Widimsky J, Riedel M, Stanek V
Bull Eur Physiopathol Respir. 1977 May-Jun;13(3):369-79.
Pulmonary precapillary hypertension present only during exercise is the first stage of corpulmonale. Examination of the reaction of central haemodynamics to exercise is the only way to detect it. In a model situation like unilateral pulmonary artery occlusion (UPAO) in healthy subjects, an increase in pulmonary artery pressure (Ppa) during exercise is a linear function of restriction of the pulmonary vascular bed and blood flow increase. Central haemodynamics during exercise in younger subjects after pneumonectomy (PNE) resemble the situation with UPAO provided the remaining lung is intact. In older patients after PNE the same rise of blood flow is associated with a considerably greater rise of Ppa. PNE patients compared to healthy individuals increase their cardiac output during exercise more by increasing stroke volume. Patients with pulmonary fibrosis show a disproportionate rise in Ppa in relation to flow. This is due to reduced distensibility of the pulmonary system. Hypoxia also seems to be involved in pulmonary hypertension during exercise. Pulmonary wedge pressure rises at work but remains within the normal range, even in patients having marked hypoxaemia at rest and during exercise. In idiopathic intersitial pulmonary fibrosis (IIPF), pulmonary hypertension during exercise is greater than in other forms of pulmonary fibrosis. Inhalation of oxygen during exercise in patients IIPF leads to a reversal of hypoxaemia but the decrease of Ppa is small and due to a passive decrease of cardiac output. Finally right ventricular function in restrictive pneumopathies is discussed.

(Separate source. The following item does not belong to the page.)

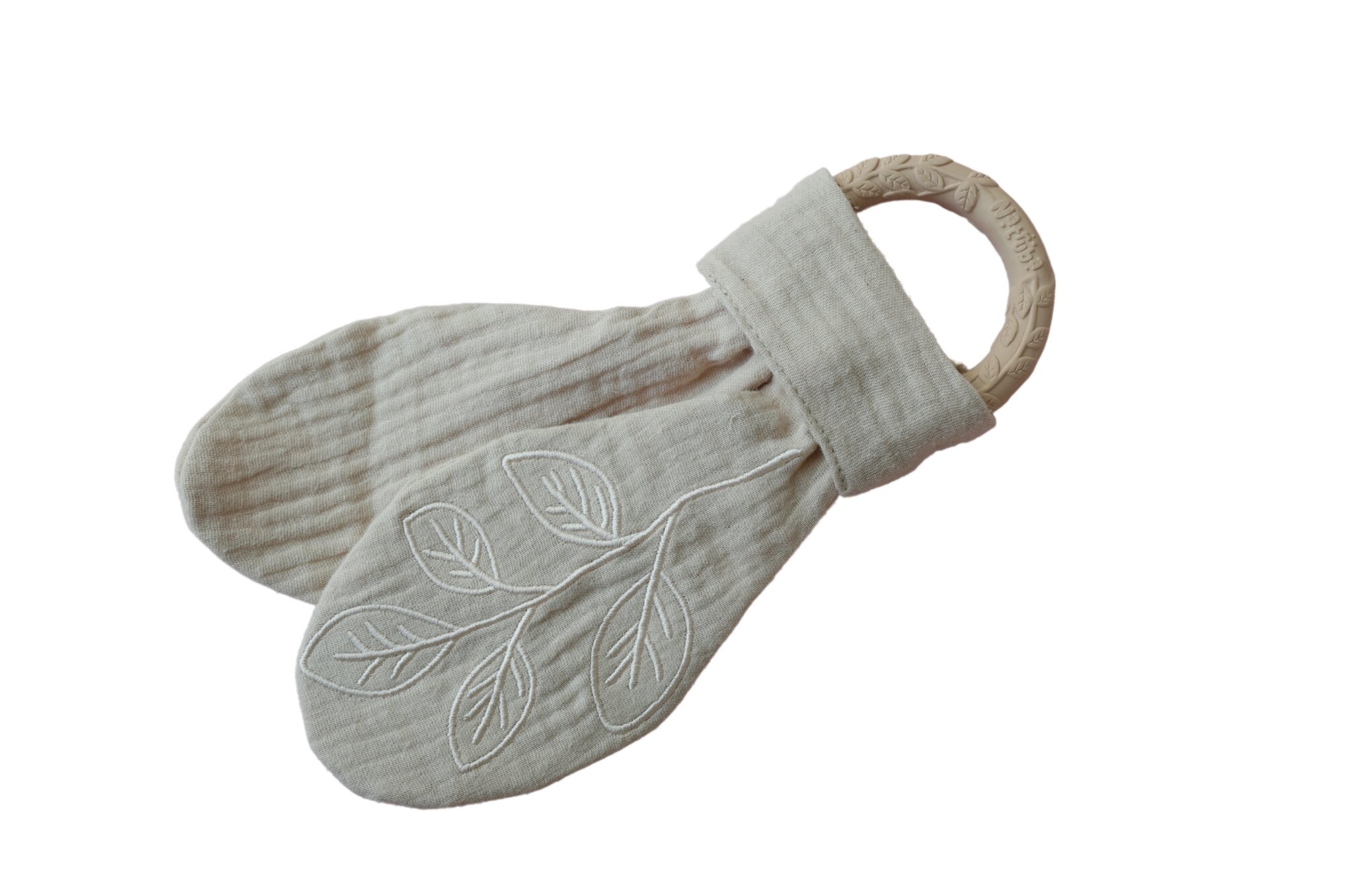 Druhý mušelínový list je bez vzoru a pokrčeného papiera, len z mäkkého organického mušelínu, ktorý poteší vaše dieťatko. Okrem toho mäkký a pružný krúžok z prírodného kaučuku so vzorom listu upokojí vaše dieťatko a pomôže boľavým ďasnám. Krúžok z prírodnej gumy a mušelín sa dajú od seba ľahko oddeliť.

仅在运动时出现的肺毛细血管前性高血压是肺心病的第一阶段。检查中心血流动力学对运动的反应是检测它的唯一方法。在健康受试者单侧肺动脉闭塞(UPAO)这样的模型情况下,运动期间肺动脉压(Ppa)的升高是肺血管床受限和血流增加的线性函数。肺切除术后(PNE)年轻受试者运动时的中心血流动力学类似于UPAO的情况,前提是剩余肺组织完整。在PNE后的老年患者中,相同的血流增加伴随着Ppa的显著更大升高。与健康个体相比,PNE患者在运动期间通过增加心搏量更多地增加心输出量。肺纤维化患者的Ppa相对于血流呈现不成比例的升高。这是由于肺系统的扩张性降低。缺氧似乎也与运动期间的肺动脉高压有关。运动时肺楔压升高,但仍在正常范围内,即使在静息和运动时存在明显低氧血症的患者中也是如此。在特发性间质性肺纤维化(IIPF)中,运动期间的肺动脉高压比其他形式的肺纤维化更严重。IIPF患者运动期间吸氧可导致低氧血症逆转,但Ppa的降低很小,且是由于心输出量的被动降低。最后讨论了限制性肺病中的右心室功能。